The comparable elevation of extracellular glutamate concentration in IL and PrL after GLT-1 blockade (Gasull-Camós et al., 2017) indicates that differential effects of DHK in IL vs PrL in terms of animal behavior, elevation of 5-HT release, and brain areas affected are not due to a distinct control of synaptic glutamate by GLT-1 in each of these cortical areas. Most convincingly, these differences are due to the different role of IL and PrL in PFC functions (Dalley et al., 2004), resulting from their differential connectivity with subcortical structures involved in cognitive and emotional processing (Vertes, 2004; Gabbott et al., 2005). Additionally, a distinct reactivity of pyramidal neurons or local microcircuits in IL and PrL to the glutamate increase evoked by GLT-1 blockade might be involved, given the presence of reciprocal connections between both PFC subdivisions (Gabbott et al., 2003) and the inhibitory role of IL on PrL activity (Ji and Neugebauer, 2012).

The reduction of activity in subcortical structures after GLT-1 blockade in IL and PrL appears inconsistent with the excitatory nature of descending pyramidal inputs. However, some of these structures (e.g., dorsal striatum, nucleus accumbens, PAG) are composed essentially of GABAergic neurons, while others (e.g., thalamus) are tonically inhibited by GABAergic inputs from substantia nigra reticulata, ventral pallidum, and the thalamic reticular nucleus. Therefore, descending cortical excitatory inputs may activate inhibitory neurotransmission in input and output structures of the basal ganglia, thus leading to a reduced neuronal activity and energy consumption.

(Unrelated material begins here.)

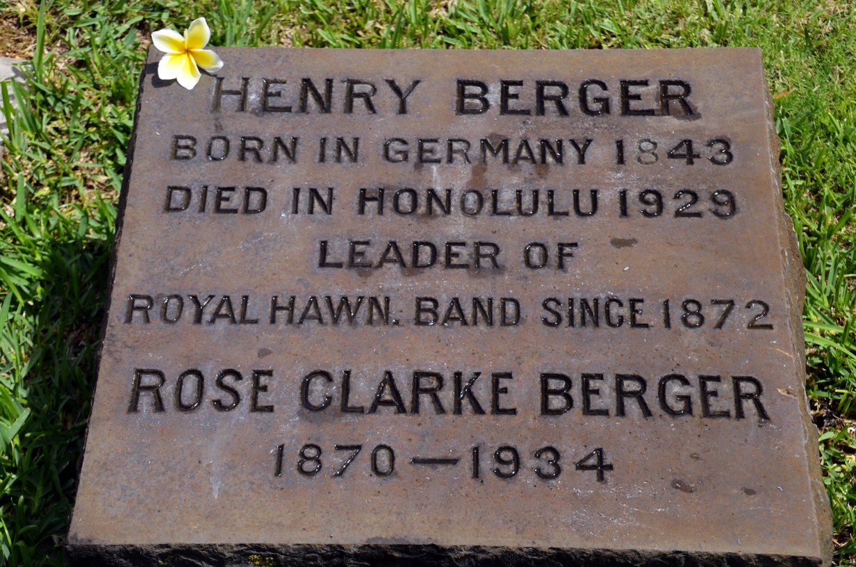 헨리 버거는 베를린에서 Heinrich August Wilhelm Berger|하인리히 아우구스트 빌헬름 버거de라는 이름으로 태어났다. 그는 독일 제국 군대의 군악대원으로 활동하며, 작곡가이자 왕실 군악대 지휘자였던 요한 슈트라우스 2세 밑에서 일했다.[8] 그는 프로이센-프랑스 전쟁에 참전했으며,[9][2] 이후 독일 황제 빌헬름 1세에 의해 포츠담 기지에서 하와이 국왕 카메하메하 5세에게 파견되어 왕의 군악대를 지휘하게 되었다.[1][8]2. 2. 하와이 왕국에서의 활동 (1872년-1915년)

Likewise, the reduced energy metabolism in midbrain produced by DHK application in IL seems at variance with the elevated 5-HT release produced by this procedure (Gasull-Camós et al., 2017). This 5-HT elevation, together with the cancellation of antidepressant-like effects of IL DHK application by prior 5-HT synthesis inhibition, led us to hypothesize an increased activity of raphe 5-HT neurons. Contrary to these expectations, the present data indicate a marked and overall reduction of energy metabolism in PAG (whose ventral part includes the dorsal raphe nucleus) after IL DHK application. One possible confounding factor is the use of anesthesia in the present study, the only experimental difference with respect to the previous study. However, this apparent contradiction may be partly explained by the complex neuronal connectivity between the mPFC and raphe 5-HT neurons, also including reciprocal PrL-IL connectivity, as stated above. Indeed, electrical stimulation at physiological rates (e.g., ~1 Hz) of the mPFC, particularly in its IL subdivision, led to a majority of inhibitory responses in dorsal raphe 5-HT neurons recorded in vivo in anesthetized rats. Inhibitory responses were mediated by local GABAA inputs (Hajós et al., 1998; Varga et al., 2001) as well as by self-inhibitory responses mediated by 5-HT1A autoreceptors (Celada et al., 2001). Actually, raphe 5-HT neurons receive local GABA contacts (Harandi et al., 1987), which inhibit 5-HT neurons (Liu et al., 2000). Contacts among cells of each neuronal subtype (GABA-GABA and 5-HT-5-HT) have also been reported (Harandi et al., 1987). Therefore, an IL-driven inhibition of PAG activity may attenuate GABA inputs onto 5-HT neurons, leading to an overall disinhibition of the 5-HT system and increased forebrain 5-HT release, as previously observed (Gasull-Camós et al., 2017). The activation of 5-HT neurons may have been masked by a greater reduction of PAG activity, given the limited resolution of the microPET technique.

In summary, the marked neurochemical (Gasull-Camós et al., 2017) and neuroimaging (present study) differences resulting from astroglial GLT-1 blockade in IL and PrL further enhance the relevance of astrocytes in modulating brain function and contribute to a better understanding of brain networks involved in fast antidepressant actions. The present data also warrant further investigation on the differential control of IL and PrL on serotonergic activity.

Statement of Interest

F.A. has received consulting honoraria from Lundbeck A/S and has been PI of a grant from Lundbeck A/S. He is also a member of the scientific advisory board of Neurolixis and a co-inventor of 2 patents on conjugated oligonucleotide sequences. The remaining authors declare no conflict of interest.